I thought I knew Word… or at least everything I needed to know. But still little surprises come along and you just wonder how you’ve missed them in the past.

I wrote a post about the new search in Word 2010 and Karen left a comment on that post offering this awesome tip. If you’ve used Word you’ll know that one annoyance of search in earlier versions of Word was the way the search box would jump around all over the document when you clicked the Find Next button often obscuring the document and the search results. That’s been improved in Word 2010 as I mentioned in the earlier post, but Karen pointed out that once you hit Ctrl-F and enter your search term in the navigation panel if you then close the dialog box in the left margin and then hit Ctrl-PgDn, it repeats the search without calling the dialog box! Awesome. You can search down through all the occurrences of your search phrase just by using this keyboard combination and without the annoyance of the search box obscuring your document and results. And, wait for it, Ctrl-PgUp runs back up through the search occurrences. And this tip also works in the so-called Advanced Find in Word 2010 – that’s the old style search pre-Word 2010. I mentioned how to access that in the earlier post. In addition, you can even resume the search after doing some typing by just pressing Ctrl-PgDn or Ctrl-PgUp again. I’ve found that this tip also works in Word 2007 and Word 2002 and probably other versions too.
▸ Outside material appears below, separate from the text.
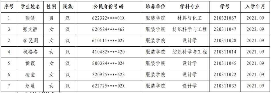 根据我校《厂长资源 研究生国家奖学金评审办法》(研字【2022】26号)的相关规定及厂长资源 名额分配计划,经学生申请、厂长资源 评审委员会严格按照评审程序和工作要求,厂长资源 党政联席会讨论通过,现拟推选张健等七名同学评选研究生国家奖学金,公示时间从2023年9月21日18点至9月28日18点,如有问题,请在公示期内实名向厂长资源 反映。

No doubt if I’d taken the time to carefully read through one of the Word cheat sheets I’ve downloaded in the past I would have known this tip already. So I’ll just past it on here in the hope that someone else out there will benefit from it.
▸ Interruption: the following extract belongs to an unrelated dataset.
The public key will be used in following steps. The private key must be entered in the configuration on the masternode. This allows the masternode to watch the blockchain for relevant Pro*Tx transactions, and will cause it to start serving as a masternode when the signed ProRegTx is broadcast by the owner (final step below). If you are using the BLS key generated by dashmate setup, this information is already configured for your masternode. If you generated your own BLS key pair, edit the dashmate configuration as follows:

Got any good Word tips? Drop a comment below.


Jan 26

Search Computer

How do you search for information online? Do you go straight to Google or do you go back to your archived bookmarks which you’ve carefully tagged for future reference? It’s the usefulness of this bookmark archive as a go-to source I want to look at here.
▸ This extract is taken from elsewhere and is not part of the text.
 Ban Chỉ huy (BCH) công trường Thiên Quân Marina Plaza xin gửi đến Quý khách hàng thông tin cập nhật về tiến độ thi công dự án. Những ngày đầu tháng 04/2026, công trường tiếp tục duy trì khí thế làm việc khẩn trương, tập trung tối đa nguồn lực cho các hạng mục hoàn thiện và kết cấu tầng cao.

Bookmarking is just a form of content curation based on human indexing. I have all my bookmarks in the free version of Diigo (with copies sent to Delicious). A point to bear in mind is that usually bookmarking sites don’t archive full web pages, just the title and any tags you attach to the bookmark. Caching or archiving full web pages is usually a premium paid feature, not surprisingly. Delicious doesn’t support page caching. The free version of Diigo only allows caching of up to 5 web pages per month while the basic package allowing unlimited caching costs $20/year.  You can compare all the features of the free and paid versions of Diigo here. Another bookmarking service is Pinboard.in, but they have a sign up fee and then charge $25/year if you want archived copies of bookmarks with full text search.

Advantages of bookmark archive

I’ll need this page again: Bookmarking and caching a web page can be really worthwhile if you’re afraid that at some point in the future it may no longer be present online or it may get ‘buried’ with time and you won’t easily be able to retrieve it again. So it’s used for safekeeping. With a Google search, findability is often not repeatable for specific pieces of content over time, ultimately resulting in more time to retrieve stuff previously found. The paid packages at Diigo and Pinboard allow caching of web pages so that, even when the original page is not available or no longer online, you can still see what the original looked like.

Combine bookmarks with Google search: You can set up Diigo so that from the Diigo search bar, a Google search will show any relevant Diigo bookmarks.  But you’ll really only see the real benefit with the paid web page caching bookmarking service when Google can search your archived pages and not just the titles.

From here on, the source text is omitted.